Inclusion and Exclusion Criteria


Inclusion
  1. current major depressive episode
  2. symptom severity score of 17 or more on the 17-item Hamilton Depression Rating Scale (HAM-D), with item #1 ≥ 2.
Exclusion
  1. Bipolar Disorder
  2. any psychotic symptoms (e.g. depression with psychotic features or an Axis I psychotic illness)
  3. dementia
  4. delirium
  5. substance-related disorders,
  6. eating disorders,
  7. cluster A or B Axis II disorders
  8. treatment with electroconvulsive therapy (ECT) in the prior six months
  9. any past history of craniotomy, skull fracture, seizures, or significant neurological illness
  10. past history of suicidal intent, plan, or attempt. The development of active suicidal ideation during the study was a criterion for unblinding and initiating open-label treatment.

Identical criteria were employed in both the fluoxetine and venlafaxine trial groups [10].

Table 2.

Summary of Statistical Measures


Model Sensitivity Specificity PPV NPV γ
HAM-D CART-F and V 0.73 1 1 0.786 0.73
HAM-D CART-Pbo 1 0.47 0.47 1 0.47
QEEG CART- F and V 0.85 1 1 0.86 0.85
QEEG CART-F 0.71 1 1 0.75 0.71
QEEG CART-V 0.83 1 1 0.86 0.83
QEEG CART-Pbo 0.9 0.75 0.69 0.92 0.65

F = fluoxetine, V = venlafaxine, Pbo = placebo, PPV = positive predictive value, NPV = negative predictive value, γ = Youden’s index γ.

A total of 51 patients completed the protocols and were examined for the present report (24 from the fluoxetine vs placebo trial, and 27 from the venlafaxine vs placebo trial), and had been the subject of our previous report on early physiologic changes [10]. Groups (Placebo, Fluoxetine, and Venlafaxine) were comparable at pretreatment baseline on demographic and clinical parameters. We defined clinical response as reduction in final depression severity to a HAM-D score of ≤10 points. The two studies had similar drop-out rates, as well as response rates to medication and placebo. Because of the high degree of comparability of the patients from two trials, data could be pooled.

Experimental Procedures

Fluoxetine and Venlafaxine Treatment Trial Designs

The nine-week protocol employed two phases.
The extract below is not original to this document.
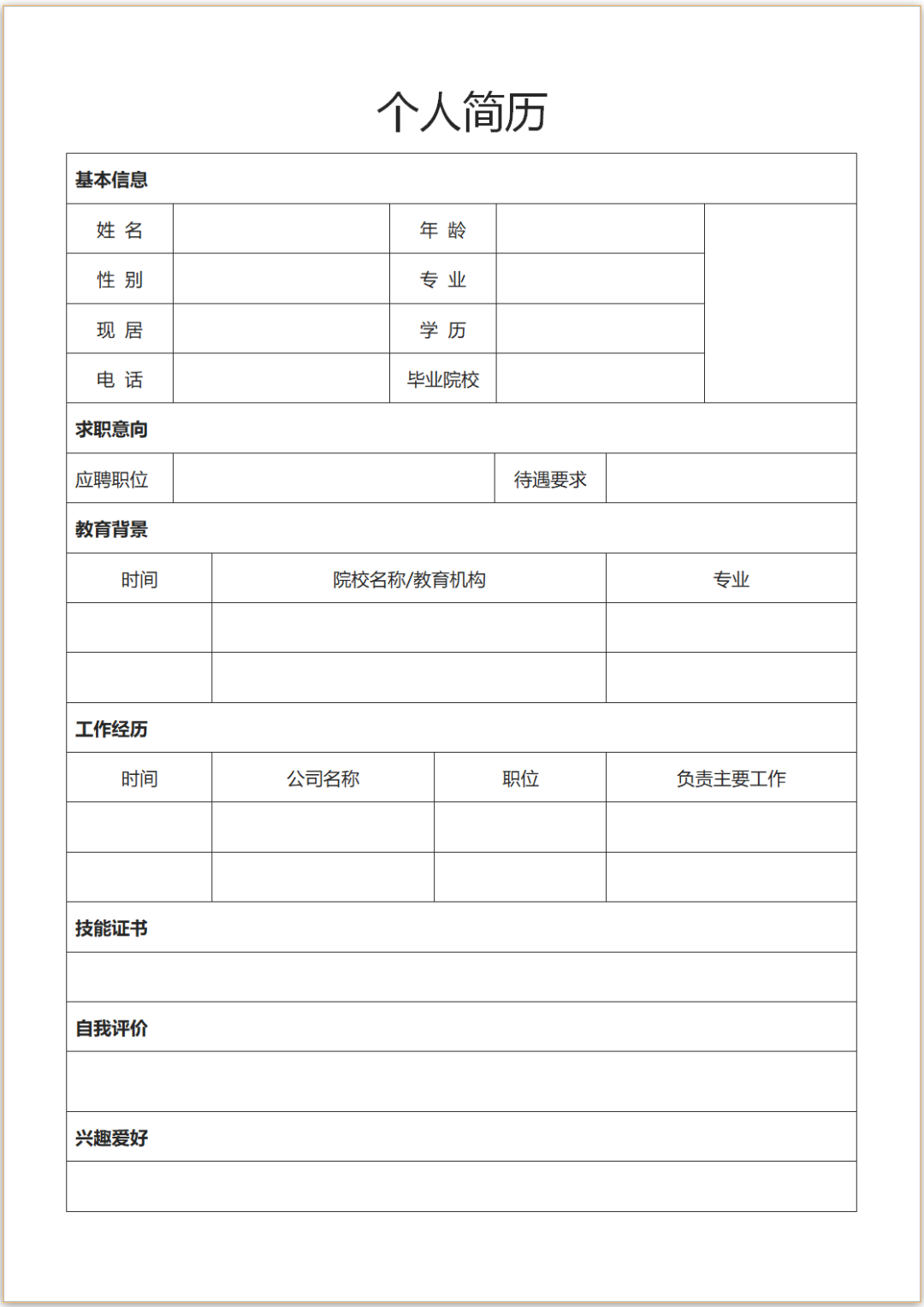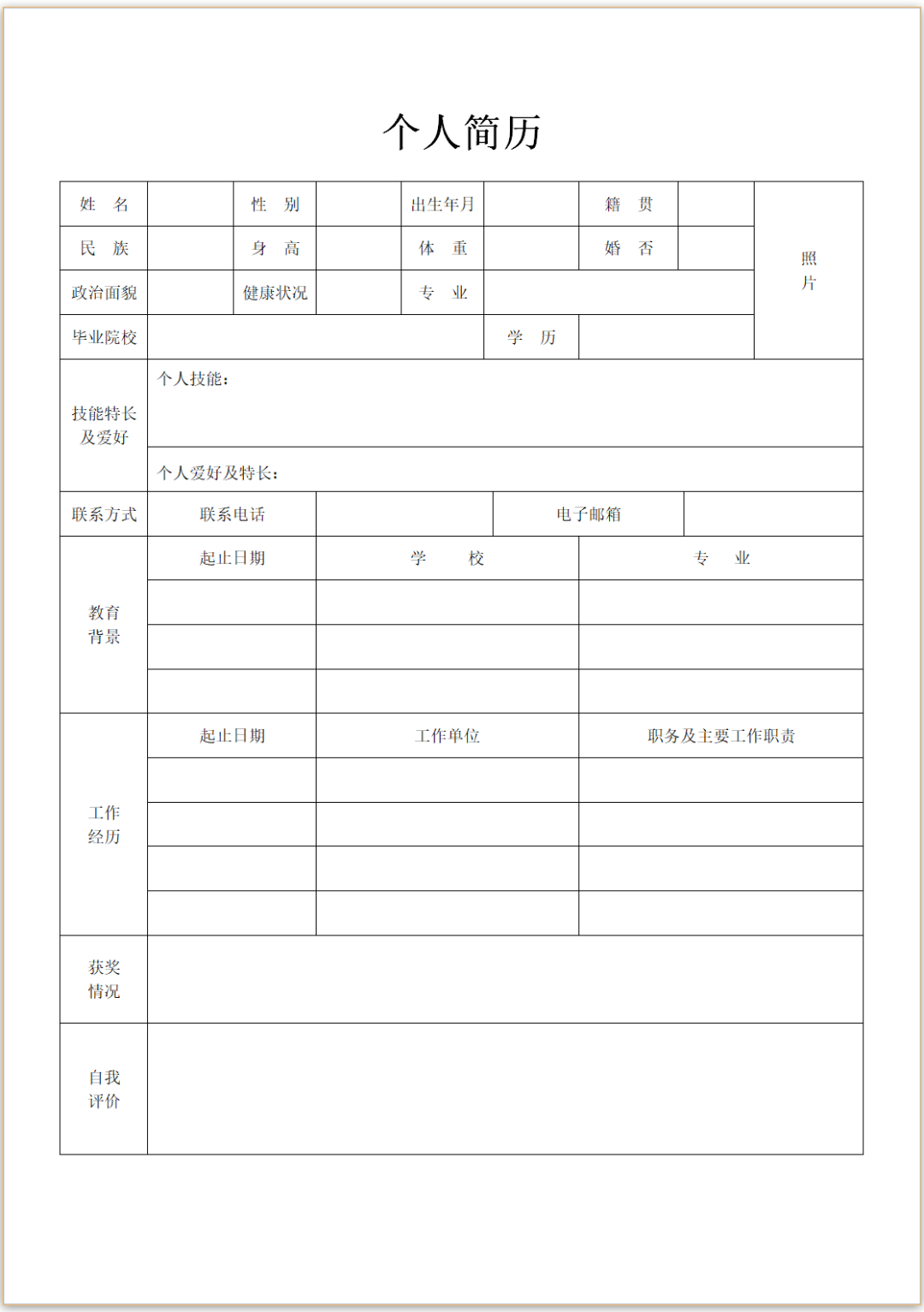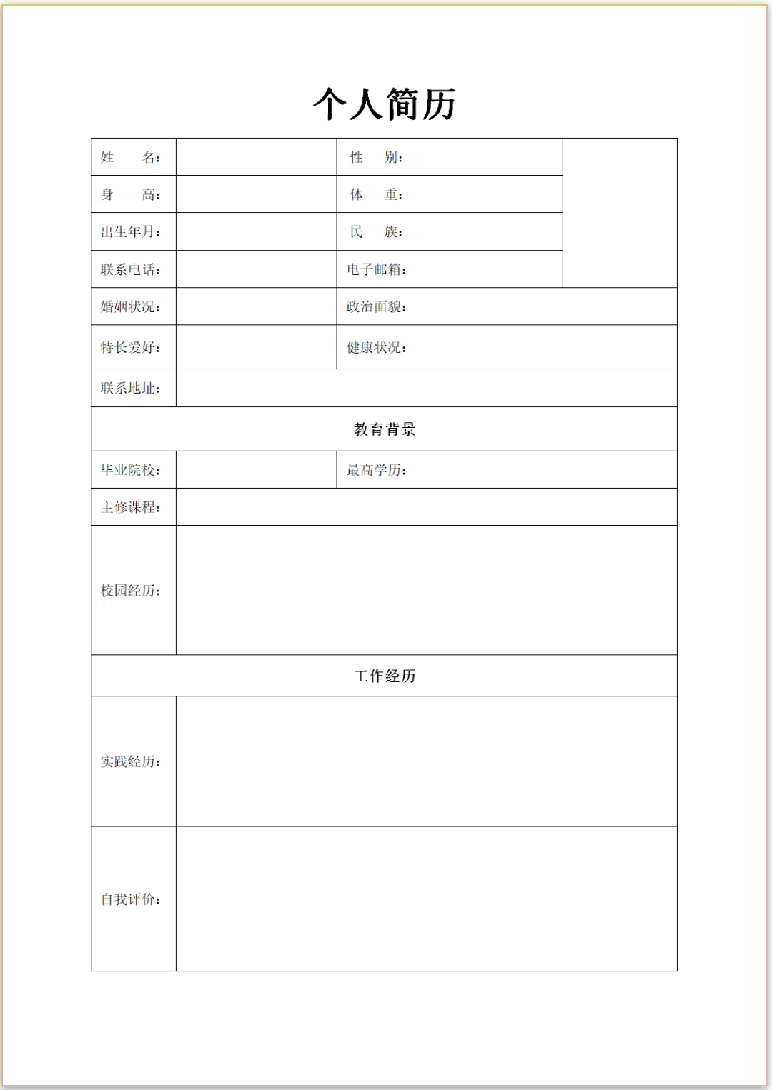 >8款标准空白简历表格模板,WORD文档电子版,可免费下载打印

Patients first entered a one-week, single-blind placebo lead-in phase. Patients who failed to meet study entry criteria at the end of lead-in (e.g., because of intolerable side effects to placebo, or a strong placebo response (no longer meeting inclusion criteria)) were removed from the protocol and were referred for open-label treatment. Patients eligible to continue in the protocol entered a double-blind phase and were randomized to receive 8 weeks of either placebo or active medication (fluoxetine 20 mg po QD in the first protocol or venlafaxine 150 mg po QD in the second) dispensed in identical capsules. Patients receiving fluoxetine were given 20 mg/d and continued at that dose for the 8 weeks; patients receiving venlafaxine began at 37.5 mg/d, increased over a week to 150 mg/d, and then continued at that dose for the remaining 7 weeks. To preserve blinding, placebo “dose” was escalated in that trial.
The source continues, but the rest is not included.